Senators still back trade of credit for families with slight corporate tax bump

Sens. Marco Rubio (R., Fla.) and Mike Lee (R., Utah) / Getty Images
December 1, 2017

Sens. Marco Rubio (R., Fla.) and Mike Lee (R., Utah) said Friday they are still committed to introducing an amendment to the Senate’s tax reform bill that would expand the child tax credit to cover more American families.

A spokesperson for Lee's office told the Free Beacon that, while the language of the final amendment is in flux, the senator still expects the amendment to be voted on prior to a final vote on the tax bill, which some expect on Friday.

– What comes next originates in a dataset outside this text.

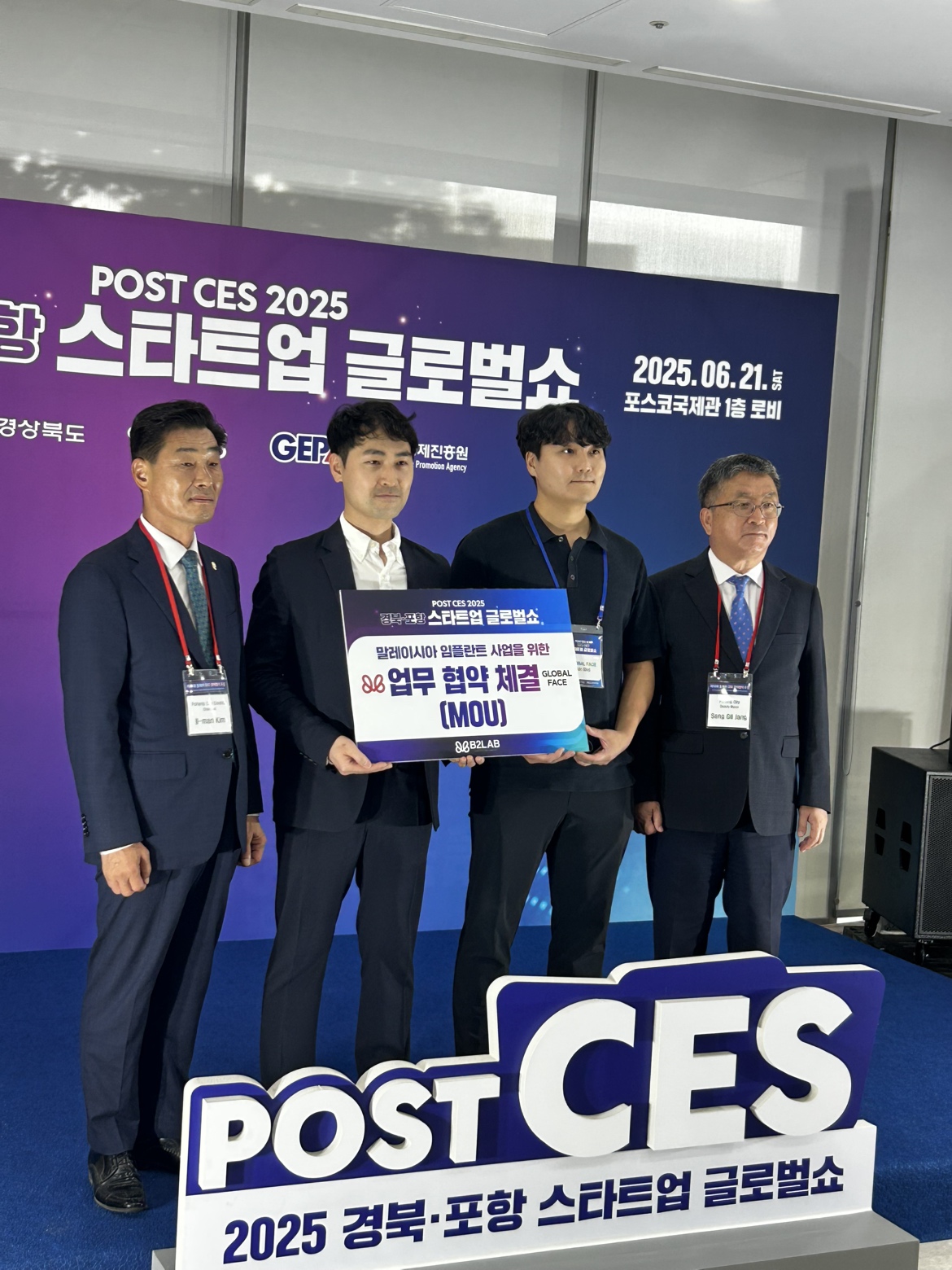 Medical device technology company Bitulab announced on the 21st that it signed a business agreement (MOU) with Malaysian distributor Global Face for the supply of implant products and technological cooperation at the 'POST CES 2025 Gyeongbuk·Pohang Startup Global Show' held at the POSCO International Pavilion.

The Rubio-Lee amendment as it was announced Wednesday would trade a slight increase in the proposed corporate tax rate for an expansion of the child tax credit, intended to reduce the tax burden on low-income families.

"Our amendment would make a small change in this bill, but a huge difference in the lives of working families," Lee said.

"We need pro-growth and pro-worker tax reform, and that's what this amendment aims to do by allowing working families to keep more of their own hard-earned money," Rubio said.

In its current form, the Senate's tax bill would expand the child tax credit, increasing the maximum payout from $1,000 to $2,000—a bump that is largely the result of Rubio and Lee's lobbying. But that increase would largely apply to families who pay income tax, which excludes many low-income, working-class families who only pay the payroll tax.

The Rubio-Lee amendment would raise the cap further, making the credit refundable up to payroll tax liability (15.3 percent). The increase would be offset by bumping the overall bill’s proposed corporate tax rate from 20 to 22 percent, still a substantial decline from the current rate of 38.9 percent.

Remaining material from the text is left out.